#### What this task involves:
Your task is to repeat the entries exactly. Leave the pictures out.

^^^^^^^^^^^^^^^^

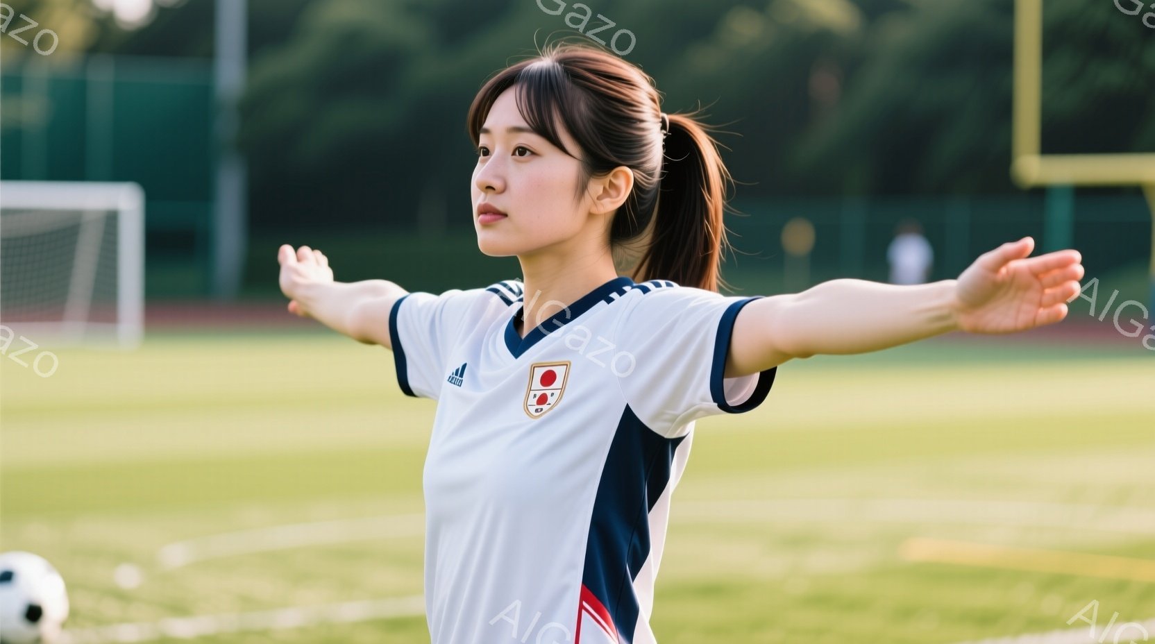 この無料AI生成画像「白いサッカーユニフォームを着た若い女性が、両腕を広げて立っています。彼女はポニーテールで髪をまとめ、表情はリラックスしており、背景には緑のサッカー場と遠くにぼやけた人物、そしてオレンジ色のコーンが点在しています。全体的に晴れた日の穏やかな雰囲気で、スポーツ活動の準備をしている様子が伺えます。」は、2025年10月22日に作成されました。 サイズは 1664×928px の高解像度で、商用利用も可能なフリー素材として提供しています。
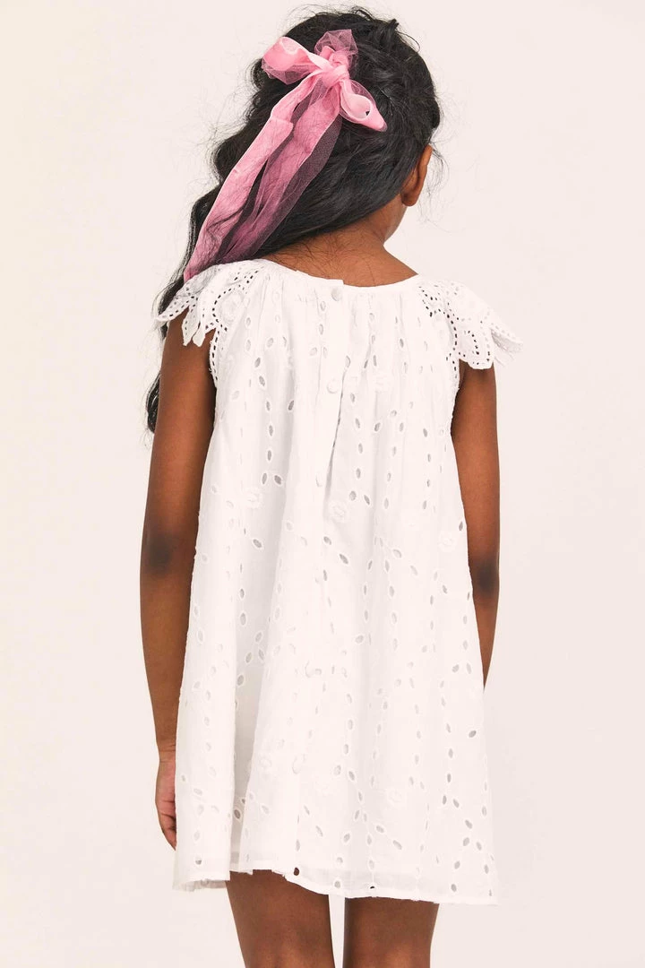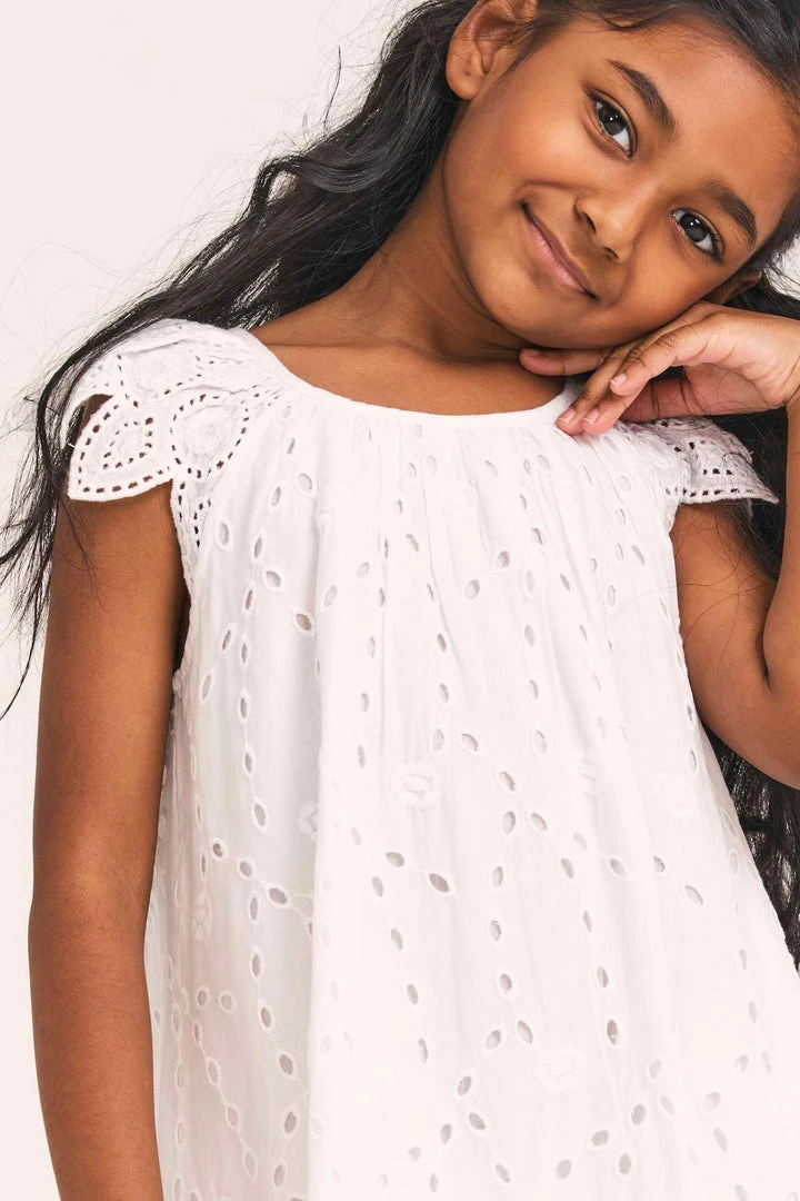 Skip along in our signature Lou Dress, reimagined in 100% cotton with custom lace and hand-embroidery. A simple shirred circle neck is framed by flutter sleeves. This sheath dress, which features buttons down center back, stops just above the knee. Accessorize it with our LSF x Lele Sadoughi Girls Pearl Headband. Shown here in Antique White.
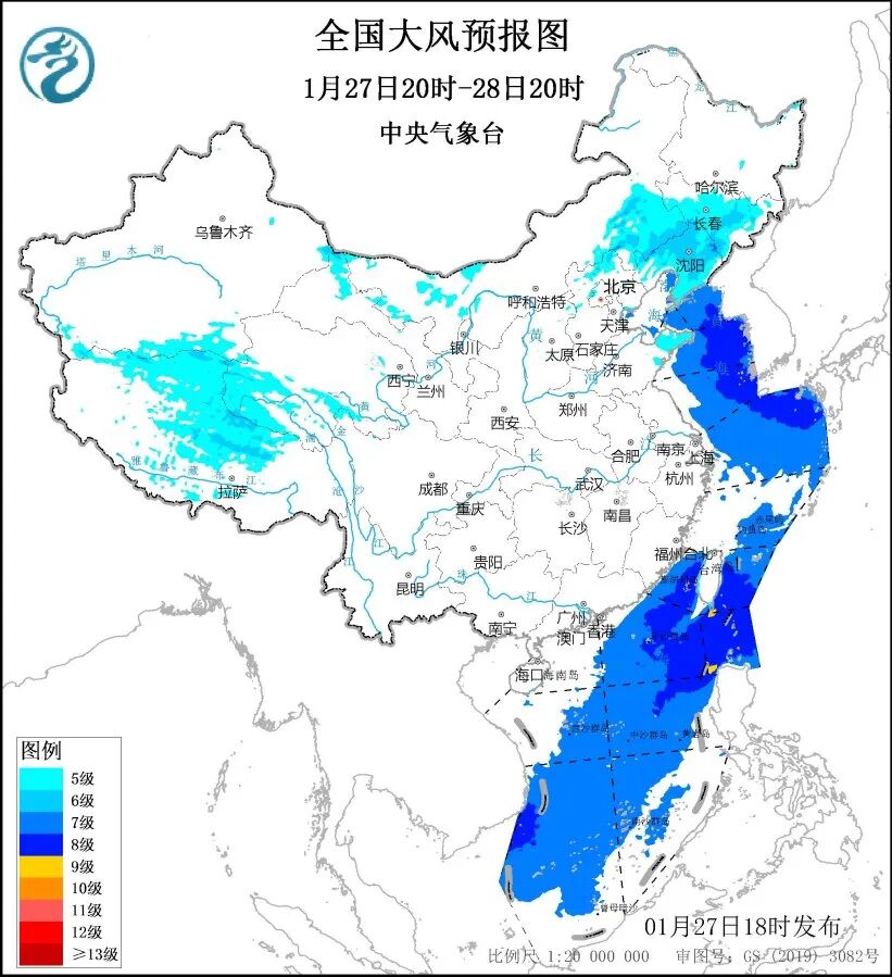 中央气象台27日18时发布大风蓝色预警:受冷空气影响,预计27日20时至28日20时,西藏中北部、内蒙古西部和东南部、吉林、辽宁、山东半岛等地部分地区将有5~6级、阵风7~8级的大风。
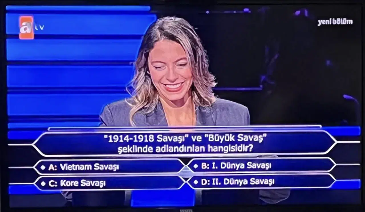 Kim Milyoner Olmak İster’de Oktay Kaynarca’nın yönelttiği bu soru, dünya tarihinin en kritik dönemlerinden birine odaklandı. 1914-1918 yılları arasında yaşanan ve “Büyük Savaş” olarak da adlandırılan savaşla ilgili soru, yarışmacı kadar ekran başındaki izleyicileri de düşündürdü. Şıklar arasında yer alan farklı savaş isimleri kafa karışıklığı yaratırken, pek çok kişi doğru yanıtı hatırlamak için araştırma yapmaya başladı.
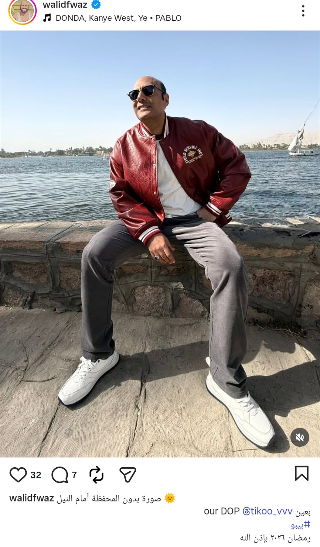 ونشر وليد فواز الكواليس من الأقصر، وذلك من خلال حسابه الرسمي عبر موقع تبادل الصور والفيديوهات القصيرة «إنستجرام»، وعلق: «صورة بدون المحفظة امام النيل.. بيبو رمضان 2026 بإذن الله».
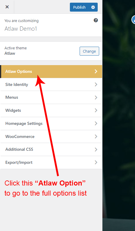 Now click on the Atlaw Options and you will see lot's of options for different theme sections.

^^^^^^^^^^^^^^^^

#### Result:
 この無料AI生成画像「白いサッカーユニフォームを着た若い女性が、両腕を広げて立っています。彼女はポニーテールで髪をまとめ、表情はリラックスしており、背景には緑のサッカー場と遠くにぼやけた人物、そしてオレンジ色のコーンが点在しています。全体的に晴れた日の穏やかな雰囲気で、スポーツ活動の準備をしている様子が伺えます。」は、2025年10月22日に作成されました。 サイズは 1664×928px の高解像度で、商用利用も可能なフリー素材として提供しています。
 Skip along in our signature Lou Dress, reimagined in 100% cotton with custom lace and hand-embroidery. A simple shirred circle neck is framed by flutter sleeves. This sheath dress, which features buttons down center back, stops just above the knee. Accessorize it with our LSF x Lele Sadoughi Girls Pearl Headband. Shown here in Antique White.
 中央气象台27日18时发布大风蓝色预警:受冷空气影响,预计27日20时至28日20时,西藏中北部、内蒙古西部和东南部、吉林、辽宁、山东半岛等地部分地区将有5~6级、阵风7~8级的大风。
 Kim Milyoner Olmak İster’de Oktay Kaynarca’nın yönelttiği bu soru, dünya tarihinin en kritik dönemlerinden birine odaklandı. 1914-1918 yılları arasında yaşanan ve “Büyük Savaş” olarak da adlandırılan savaşla ilgili soru, yarışmacı kadar ekran başındaki izleyicileri de düşündürdü. Şıklar arasında yer alan farklı savaş isimleri kafa karışıklığı yaratırken, pek çok kişi doğru yanıtı hatırlamak için araştırma yapmaya başladı.
 ونشر وليد فواز الكواليس من الأقصر، وذلك من خلال حسابه الرسمي عبر موقع تبادل الصور والفيديوهات القصيرة «إنستجرام»، وعلق: «صورة بدون المحفظة امام النيل.. بيبو رمضان 2026 بإذن الله».
 Now click on the Atlaw Options and you will see lot's of options for different theme sections.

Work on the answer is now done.